PROBLEM TO SOLVE —
What is needed is an exact copy of the records below, with the pictures left out.

[Records contained in a dataset]

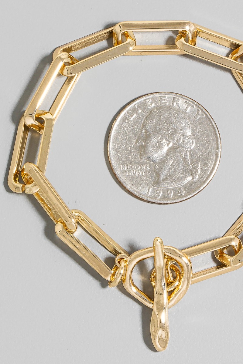 - This chain bracelet displays a vibrant rectangle toggle style. Indulge in the allure of exquisite craftsmanship as this chain bracelet effortlessly adds a touch of luxury to your attire.
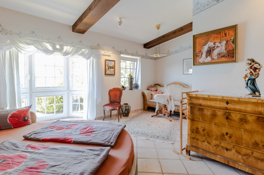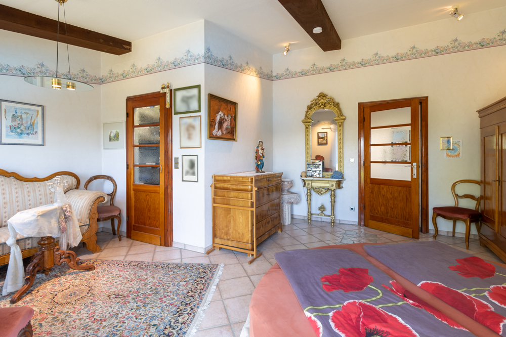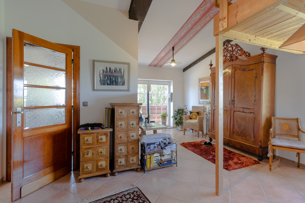 Diesem Wohnraum schließt sich die Küche an von der aus Sie Zugang zu einer großen Terrasse haben. Rechts vom Eingang sind das Elternschlafzimmer mit einem begehbarem Kleiderschrank und das Kinderzimmer mit Zugang zu einer weiteren Terrasse. Unter dieser Terrasse befindet sich der Rosengarten, welcher dieser Wohnung ebenfalls zugeordnet ist. Von hieraus könnte man einen direkten Zugang in den Garten verwirklichen.
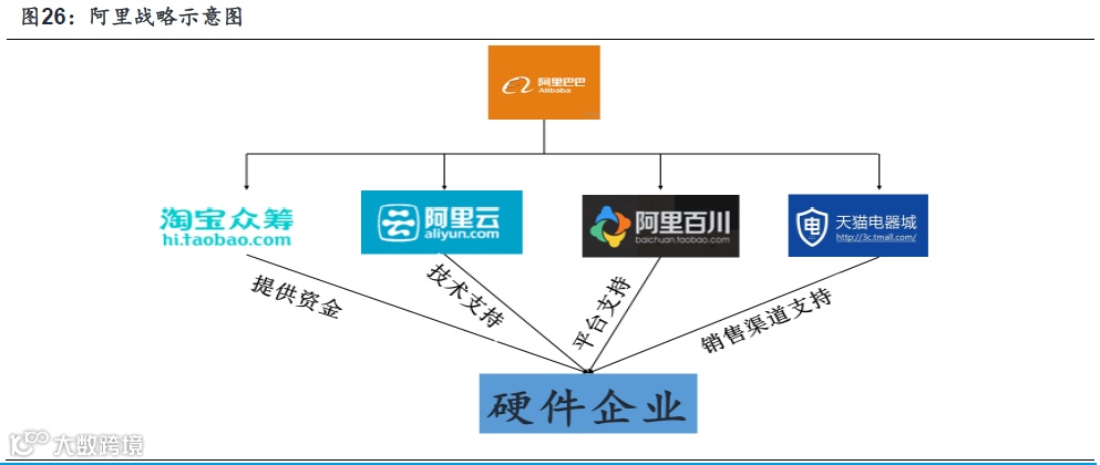 阿里在智能家居领域的发展战略也是基于平台优势,积极寻求与硬件制造商的合作,进而搭建完整的生态圈。具体来看,阿里凭借自己的销售渠道、大数据、云计算等核心优势在智能家居领域推出淘宝众筹、智能云、百川计划和天猫电器城四大业务板块,其中,淘宝众筹主要是为专注于智能硬件制造的创业企业提供资金,智能云提供技术支持,百川计划为企业移动应用开发提供平台支持,天猫电器城则凭借流量优势提供销售渠道支持。阿里巴巴在智能家居领域的布局基本涵盖了孵化、资金、技术、生产、销售等产研销环节,并实现了对大中小型硬件公司全覆盖。目前,海信、科龙、格兰仕、艾美特、海尔、科沃斯、长帝等100多家企业已加入阿里智能家居生态圈。
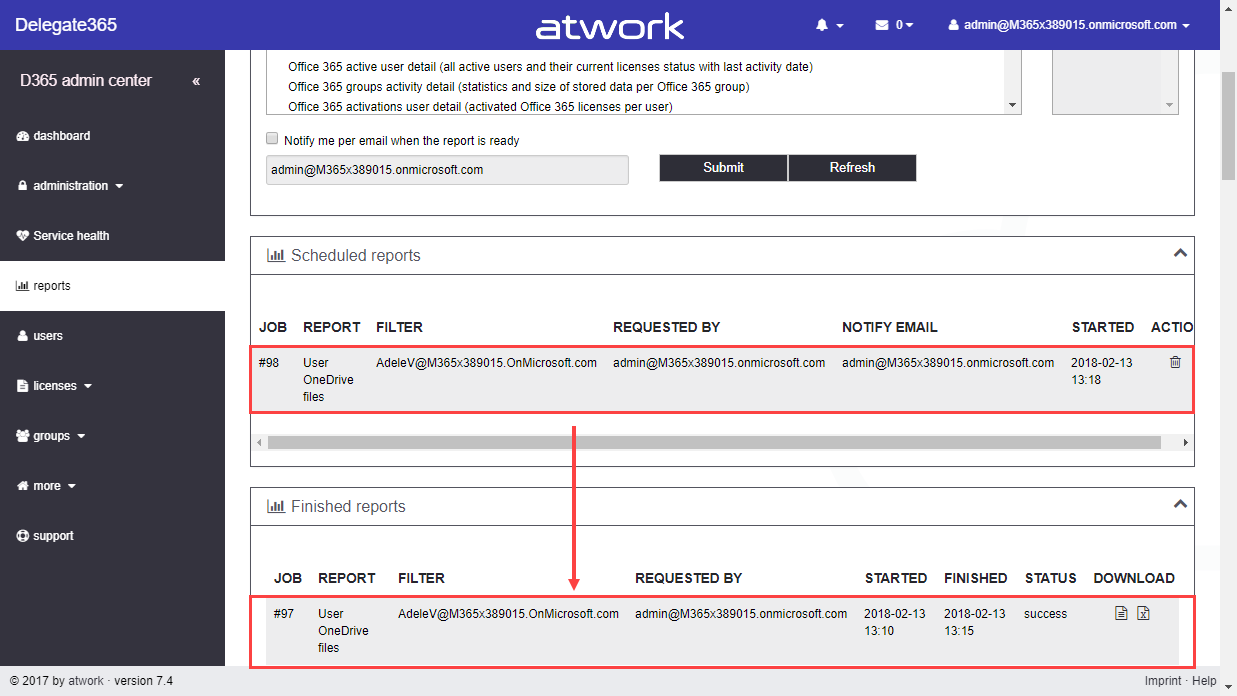 When clicking Submit, the report engine gets a new job and the OneDrive files report task is visible in the reports menu in the Scheduled reports box.
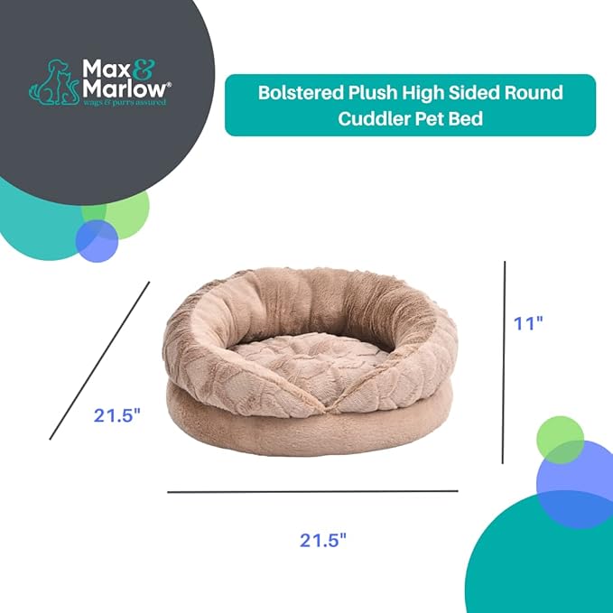 Plush High Sided Round Cuddler Pet Bed with Remove-able Bed Pad
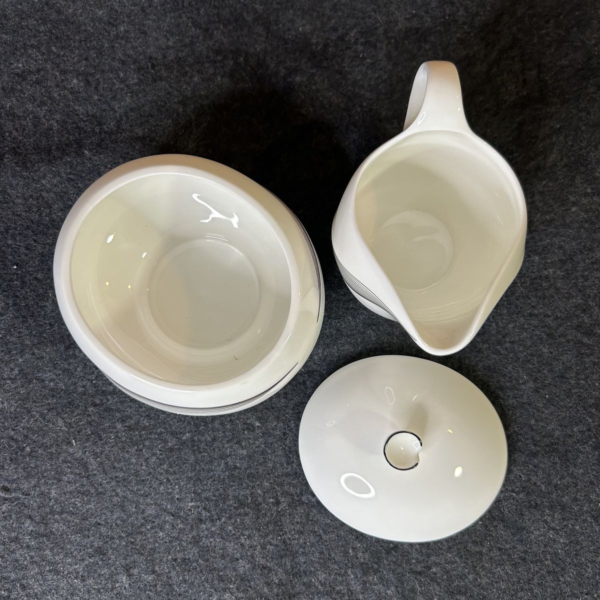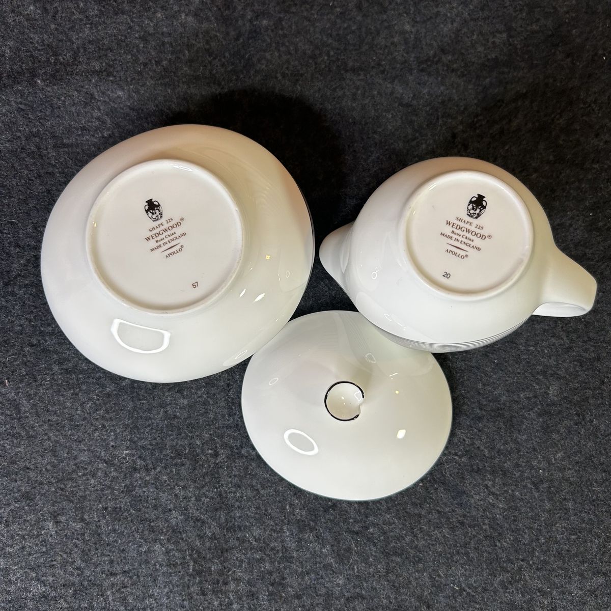 NEW, Never-used Mint Condition Wedgwood Apollo Creamer & Sugar bowl w/Lid Three-piece matched set in elegant Bone China made by the Distinguished Wedgwood company in the United Kingdom from 1985 to 1992.

REPLY TO THE EXERCISE —
 - This chain bracelet displays a vibrant rectangle toggle style. Indulge in the allure of exquisite craftsmanship as this chain bracelet effortlessly adds a touch of luxury to your attire.
 Diesem Wohnraum schließt sich die Küche an von der aus Sie Zugang zu einer großen Terrasse haben. Rechts vom Eingang sind das Elternschlafzimmer mit einem begehbarem Kleiderschrank und das Kinderzimmer mit Zugang zu einer weiteren Terrasse. Unter dieser Terrasse befindet sich der Rosengarten, welcher dieser Wohnung ebenfalls zugeordnet ist. Von hieraus könnte man einen direkten Zugang in den Garten verwirklichen.
 阿里在智能家居领域的发展战略也是基于平台优势,积极寻求与硬件制造商的合作,进而搭建完整的生态圈。具体来看,阿里凭借自己的销售渠道、大数据、云计算等核心优势在智能家居领域推出淘宝众筹、智能云、百川计划和天猫电器城四大业务板块,其中,淘宝众筹主要是为专注于智能硬件制造的创业企业提供资金,智能云提供技术支持,百川计划为企业移动应用开发提供平台支持,天猫电器城则凭借流量优势提供销售渠道支持。阿里巴巴在智能家居领域的布局基本涵盖了孵化、资金、技术、生产、销售等产研销环节,并实现了对大中小型硬件公司全覆盖。目前,海信、科龙、格兰仕、艾美特、海尔、科沃斯、长帝等100多家企业已加入阿里智能家居生态圈。
 When clicking Submit, the report engine gets a new job and the OneDrive files report task is visible in the reports menu in the Scheduled reports box.
 Plush High Sided Round Cuddler Pet Bed with Remove-able Bed Pad
 NEW, Never-used Mint Condition Wedgwood Apollo Creamer & Sugar bowl w/Lid Three-piece matched set in elegant Bone China made by the Distinguished Wedgwood company in the United Kingdom from 1985 to 1992.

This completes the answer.